- **Exercise inputs**:
┌──
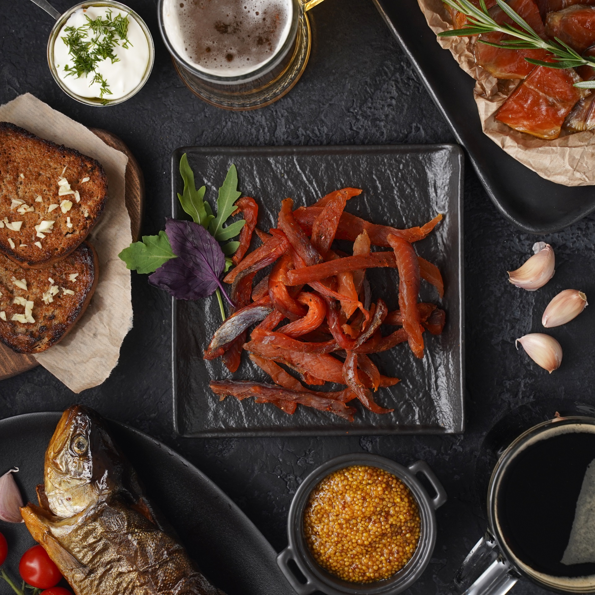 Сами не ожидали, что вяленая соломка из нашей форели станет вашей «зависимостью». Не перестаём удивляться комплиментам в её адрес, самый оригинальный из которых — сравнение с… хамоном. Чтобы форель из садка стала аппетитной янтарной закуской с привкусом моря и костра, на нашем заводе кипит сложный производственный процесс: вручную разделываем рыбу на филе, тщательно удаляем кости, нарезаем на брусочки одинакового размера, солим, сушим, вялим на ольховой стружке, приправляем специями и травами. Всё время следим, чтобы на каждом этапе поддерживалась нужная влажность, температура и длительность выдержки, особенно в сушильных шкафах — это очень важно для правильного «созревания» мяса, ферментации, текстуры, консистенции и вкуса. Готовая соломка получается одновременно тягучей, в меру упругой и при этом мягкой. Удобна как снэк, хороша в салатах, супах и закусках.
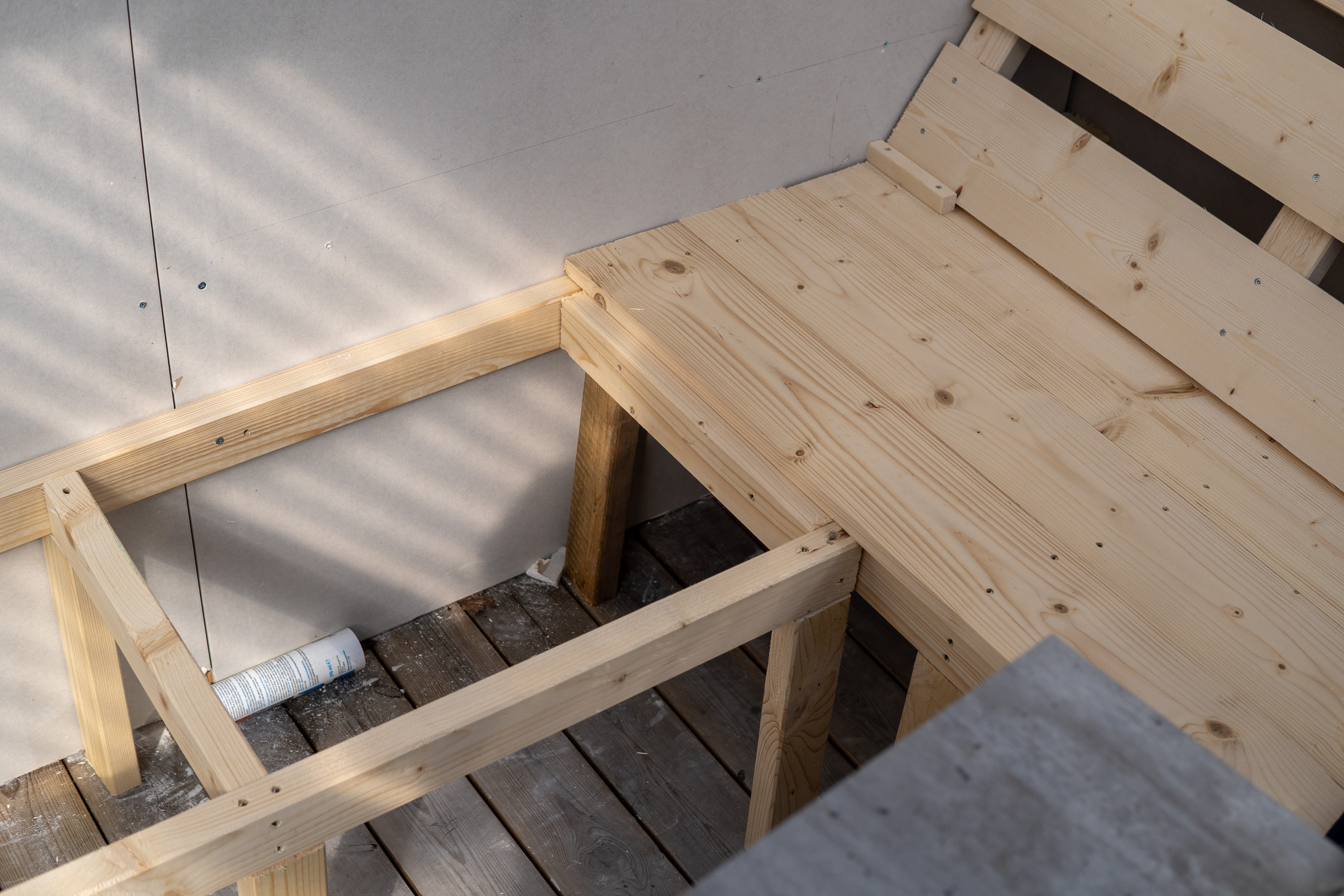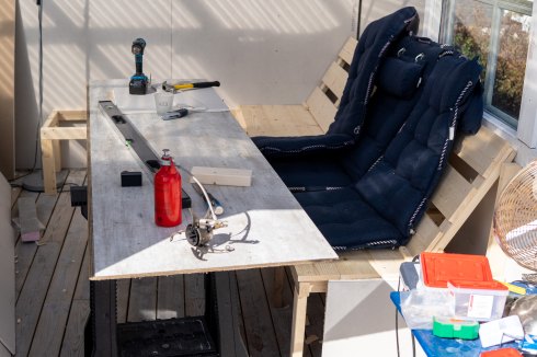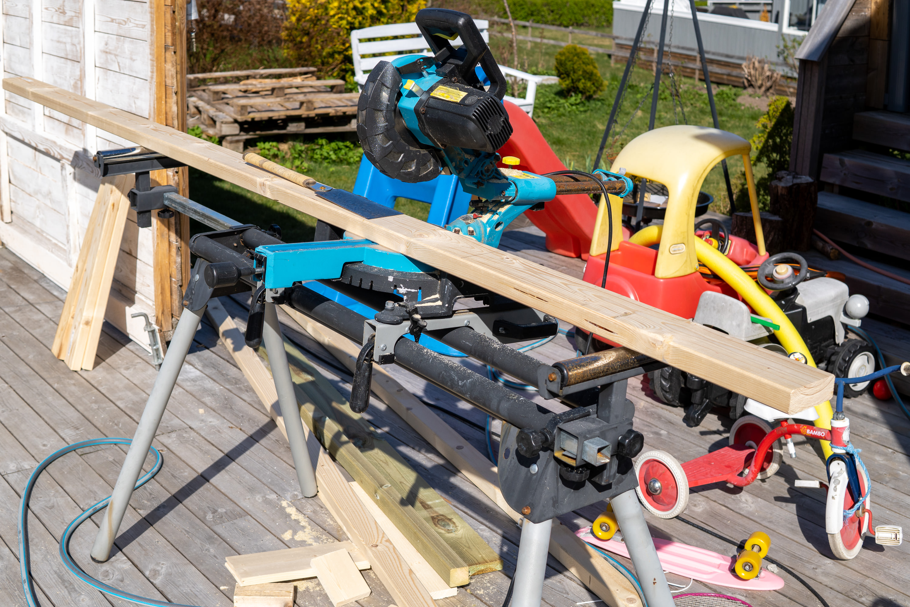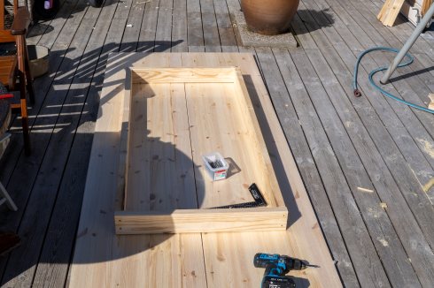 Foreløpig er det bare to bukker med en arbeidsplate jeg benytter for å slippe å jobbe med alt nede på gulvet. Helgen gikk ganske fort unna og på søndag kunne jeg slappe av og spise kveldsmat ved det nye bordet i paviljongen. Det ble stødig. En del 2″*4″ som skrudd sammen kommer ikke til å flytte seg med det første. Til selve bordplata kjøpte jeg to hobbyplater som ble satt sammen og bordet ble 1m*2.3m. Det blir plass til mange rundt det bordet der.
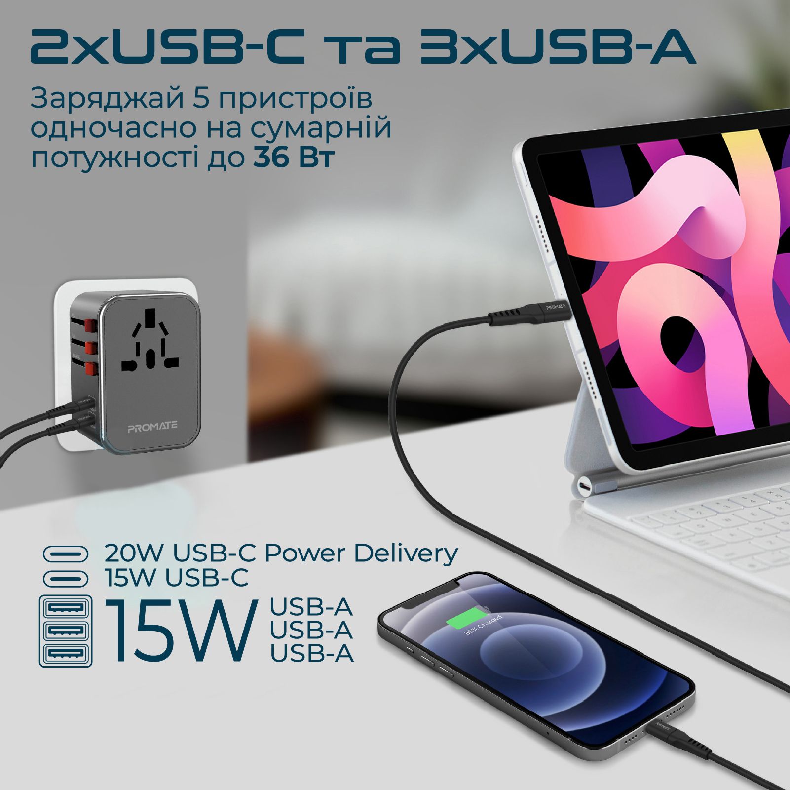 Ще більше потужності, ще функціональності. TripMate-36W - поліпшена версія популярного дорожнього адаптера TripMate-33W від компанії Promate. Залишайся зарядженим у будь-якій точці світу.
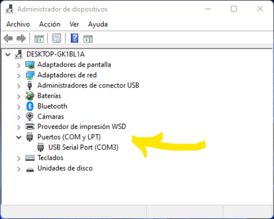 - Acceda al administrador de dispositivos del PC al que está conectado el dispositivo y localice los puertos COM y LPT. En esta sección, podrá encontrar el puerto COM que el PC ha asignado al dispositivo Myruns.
└──
┌──
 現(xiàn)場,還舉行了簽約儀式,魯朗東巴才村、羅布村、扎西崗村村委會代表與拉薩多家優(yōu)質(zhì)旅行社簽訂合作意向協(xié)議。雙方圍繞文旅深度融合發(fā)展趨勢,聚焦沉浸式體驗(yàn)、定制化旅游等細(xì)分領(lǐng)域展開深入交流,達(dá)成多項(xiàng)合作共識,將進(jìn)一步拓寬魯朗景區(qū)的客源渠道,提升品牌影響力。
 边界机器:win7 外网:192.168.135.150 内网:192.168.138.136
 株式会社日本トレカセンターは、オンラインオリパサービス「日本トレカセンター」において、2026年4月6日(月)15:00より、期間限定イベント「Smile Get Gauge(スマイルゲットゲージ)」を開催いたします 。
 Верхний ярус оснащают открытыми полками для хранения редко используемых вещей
└──
- **What you need to do**:
Set down, exactly as written above, each line from the one with "Сами не ожидали, что" through the one with "- Acceda al", and skip the pictures.

- **Response**:
 Сами не ожидали, что вяленая соломка из нашей форели станет вашей «зависимостью». Не перестаём удивляться комплиментам в её адрес, самый оригинальный из которых — сравнение с… хамоном. Чтобы форель из садка стала аппетитной янтарной закуской с привкусом моря и костра, на нашем заводе кипит сложный производственный процесс: вручную разделываем рыбу на филе, тщательно удаляем кости, нарезаем на брусочки одинакового размера, солим, сушим, вялим на ольховой стружке, приправляем специями и травами. Всё время следим, чтобы на каждом этапе поддерживалась нужная влажность, температура и длительность выдержки, особенно в сушильных шкафах — это очень важно для правильного «созревания» мяса, ферментации, текстуры, консистенции и вкуса. Готовая соломка получается одновременно тягучей, в меру упругой и при этом мягкой. Удобна как снэк, хороша в салатах, супах и закусках.
 Foreløpig er det bare to bukker med en arbeidsplate jeg benytter for å slippe å jobbe med alt nede på gulvet. Helgen gikk ganske fort unna og på søndag kunne jeg slappe av og spise kveldsmat ved det nye bordet i paviljongen. Det ble stødig. En del 2″*4″ som skrudd sammen kommer ikke til å flytte seg med det første. Til selve bordplata kjøpte jeg to hobbyplater som ble satt sammen og bordet ble 1m*2.3m. Det blir plass til mange rundt det bordet der.
 Ще більше потужності, ще функціональності. TripMate-36W - поліпшена версія популярного дорожнього адаптера TripMate-33W від компанії Promate. Залишайся зарядженим у будь-якій точці світу.
 - Acceda al administrador de dispositivos del PC al que está conectado el dispositivo y localice los puertos COM y LPT. En esta sección, podrá encontrar el puerto COM que el PC ha asignado al dispositivo Myruns.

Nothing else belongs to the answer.